Extracted material START
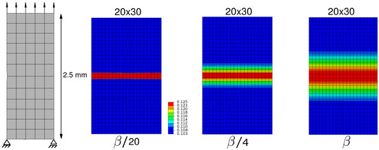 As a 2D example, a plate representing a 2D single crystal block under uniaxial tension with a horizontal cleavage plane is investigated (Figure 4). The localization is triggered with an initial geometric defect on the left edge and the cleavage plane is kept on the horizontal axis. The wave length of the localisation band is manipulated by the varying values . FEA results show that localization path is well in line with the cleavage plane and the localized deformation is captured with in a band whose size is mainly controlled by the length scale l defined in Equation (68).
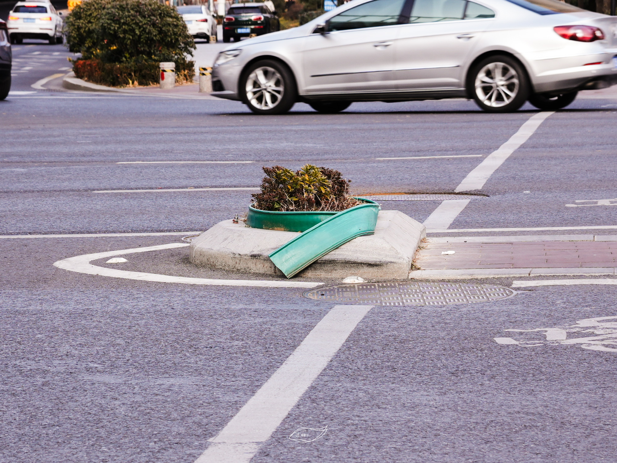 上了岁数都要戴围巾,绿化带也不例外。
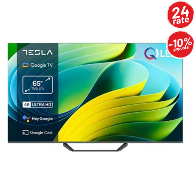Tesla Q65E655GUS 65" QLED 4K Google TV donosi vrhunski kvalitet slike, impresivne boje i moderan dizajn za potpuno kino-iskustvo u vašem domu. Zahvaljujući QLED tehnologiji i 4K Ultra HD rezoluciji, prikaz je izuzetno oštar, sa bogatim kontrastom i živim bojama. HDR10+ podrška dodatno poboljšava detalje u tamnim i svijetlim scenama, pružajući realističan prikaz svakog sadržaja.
Extracted material END
Extracted material START
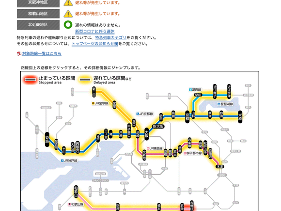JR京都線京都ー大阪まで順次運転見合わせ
Extracted material END
Work to complete: Only the lines of the listing above from the one with "上了岁数都要戴围巾,绿化带也不例外。" through the one with "prikaz svakog sadržaja." should be output, exactly, with both ends kept and pictures left out.

Answer to the exercise:
 上了岁数都要戴围巾,绿化带也不例外。
Tesla Q65E655GUS 65" QLED 4K Google TV donosi vrhunski kvalitet slike, impresivne boje i moderan dizajn za potpuno kino-iskustvo u vašem domu. Zahvaljujući QLED tehnologiji i 4K Ultra HD rezoluciji, prikaz je izuzetno oštar, sa bogatim kontrastom i živim bojama. HDR10+ podrška dodatno poboljšava detalje u tamnim i svijetlim scenama, pružajući realističan prikaz svakog sadržaja.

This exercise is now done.